The entourage walked quietly north on Cleveland Street, listening to epithets hurled at them by the townspeople. They turned left onto what was known as Plane Number 4 of the former Allegheny-Portage Railroad. Piper's Field was the property of a Protestant family that owned coal mines in the Lilly and Washington Township area. The Klan remained there for approximately two-and-a-half hours, burning two crosses and setting off two explosions of dynamite.
The night may have ended without violence if not for the actions by some townspeople who were offended by the action of the Klan. The townspeople prepared to retaliate. "The fire hall was located (on Washington Street) and they kept their fire-harness over there," Brown recalled. "I remember some of (the townspeople) going over there and getting a hose loaded on a two-wheeled wagon. They then brought it around our corner (of Main and Washington streets) and to the center of town." The group first attempted to connect it at a hydrant at Main and Cleveland Streets, but then moved to the area of the railroad station where the cars of the train were located.
After completing their demonstration at approximately 9:45, the Klan again lined up to return to the station. When the K.K.K. entourage arrived there, the townspeople turned the hose on those at the rear of the procession. The pressure, however, was very low, similar to that of a garden hose, not that of a fire hose. At about that point, the electrical power to the town was restored, allowing people to see one another much more clearly.

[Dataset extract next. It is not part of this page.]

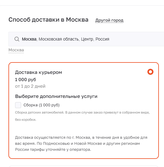 2. В форме «Доставка» выберите пункт «Доставка курьером»:
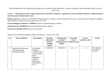 Wyniki Konkursu ofert dla organizacji pozarządowych na realizację zadań publicznych w zakresie wspierania i upowszechniania kultury fizycznej w 2017 roku Konkurs - Organizacja eventów i imprez sportowych o charakterze lokalnym i regionalnym oraz prowadzenie szkolenia i współzawodnictwa sportowego poza sekcjami sportowymi. Podstawa prawna: Uchwała Nr XXXII/390/16 Rady Miejskiej w Słupsku z dnia 30 listopada 2016 roku w sprawie przyjęcia Programu współpracy Miasta Słupska z organizacjami pozarządowymi na 2017 rok. Kwota podlegająca podziałowi: 50.000,00 zł (słownie: pięćdziesiąt tysięcy złotych) Rozdysponowano: 50.000,00 zł (słownie: pięćdziesiąt tysięcy złotych) Pozostało do podziału: 0,00 zł (słownie: zero złotych) Tabela zawiera zestawienie podziału środków dokonanego 13 stycznia 2017 roku. Lp 1 Nazwa podmiotu Słupskie Stowarzyszenie Tańca Sportowego Cheerleaders Maxi Tytuł zadania Wysokość całkowitych kosztów realizacji zadania Prowadzenie szkolenia i współzawodnict wa sportowego dzieci, młodzieży w sekcjach sportowych Cheerleaders w 2017 r. 35.600,00 zł Wnioskowana Przyznana Ocena wysokość kwota punktowa ofert dofinansowania dofinansowania zadania 20.000,00 zł --------------- ------------- Uwagi Oferta odrzucona pod względem formalnym 2 Uczniowski Klub Sportowy Byki przy SP 3 Słupsk XVI halowy Turniej Piłki Nożnej „Niepodległość – Słupsk 2017” 4.800,00 zł 3.400,00 zł 1.450,00 zł 38 3 Fundacja Indygo Zawody sprawnościowe – Pokaż swoją siłę, zwinność i sprawność 17.648,00 zł 14.998,00 zł 6.543,00 zł 38 4 Słupskie Wodne Ochotnicze Pogotowie Ratunkowe Dzień Dziecka ze Słupskim WOPR 10.092,00 zł 5.852,00 zł 3.052,00 zł 37 5 Słupskie Wodne Ochotnicze Pogotowie Ratunkowe Pływamy z Mikołajem 14.162,00 zł 7.602,00 zł 5.052,00 zł 37 6 Słupskie Towarzystwo Brydżowe XVII Turniej o Puchar Prezydenta Miasta Słupska z okazji Dnia Niepodległości 8.450,00 zł 3.000,00 zł 1.400,00 zł 35 7 Stowarzyszenie Akademia Małego Lekkoatlety Organizacja cyklu zawodów Czwartki Lekkoatletyczne 23.520,00 zł 12.240,00 zł 7.710,00 36 8 Słupski Uniwersytet Trzeciego Wieku Turnieje brydża sportowego o Puchary Prezydenta Miasta 3.507,00 zł 2.160,00 zł 1.200,00 zł 37 9 Stowarzyszenie Turystyki Rowerowej Szprycha II dwubój ze Szprychą 7.280,00 zł 5.660,00 zł 3.000,00 zł 35 10 Fundacja Wychowanie przez Sport ul. Potocka Organizacja zajęć sportowych BiegamBoLubię w Słupsku 20.780,00 zł 9.380,00 zł 3.550,00 zł 27 11 Stowarzyszenie Sportowe V Jubileusz Futbol Klub Oldboje Słupsk Międzynarodow y Turniej Oldbojów i Superjuniorów 17.700,00 zł 10.250,00 zł 1.000,00 zł 37 12 Klub Tańca Sportowego Paktan w Słupsku Roztańczone marzenia- Chcę być mistrzemorganizacja szkolenia sportowego dzieci i młodzieży 19.440,80 zł 12.812,80 zł 5.221,00 zł 36 13 Towarzystwo Pływackie Skalar Słupsk Zawody Pływackie z okazji Dnia Dziecka 15.470,00 zł 4.220,00 zł 1.752,00 zł 37 14 Zarząd Okręgu Polskiego Związku Wędkarskiego Zawody Wędkarskie na Stawie Łabędzim w Słupsku 3.762,00 zł 1.000,00 zł --------------- ------------- 15 Trójmiejskie Stowarzyszenie Rowerowe Cyklo Słupsk MTB 41.025,00 zł 6.200,00 zł 3.500,00 zł 36,25 16 Pomorski Klub Oyama Karate Organizacja szkolenia dzieci i młodzieży 10.000,00 zł 5.000,00 zł 500,00 zł 27 17 Fundacja Indygo Zostań esportowcem 40.180,70 zł 34.230,70 zł 5.070,00 zł 36 293.417,50 zł 158.005,50 zł 50.000,00 zł ------------------ Ogółem: Oferta odrzucona pod względem formalnym Z up. PREZYDENTA Miasta Słupska Krystyna Danilecka – Wojewódzka ZASTĘPCA PREZYDENTA ------------------

Once the townspeople started dousing the members of the Klan, one of the men, later identified at the trial as Sam Evans of South Fork, walked over to the hose and attempted to wrestle it from the person at the lead, Frank Miesko. At this point, the stories about who first started the firefight diverged significantly at trial. The townspeople claimed that Evans killed Miesko as they were wrestling with the hose. Charges of murder were later filed against a local Catholic, William “Timbers” Monahan, for the murder of Cloyd Paul, a Klan sympathizer. Regardless of who fired the that first shot, a veritable firefight ensured, killing Conrad, Miesko, and Paul. Everyone called to testify against both Evans and Monahan at the June trial refused to testify on grounds of self-incrimination, their fifth amendment right, leading to dismissal of those charges.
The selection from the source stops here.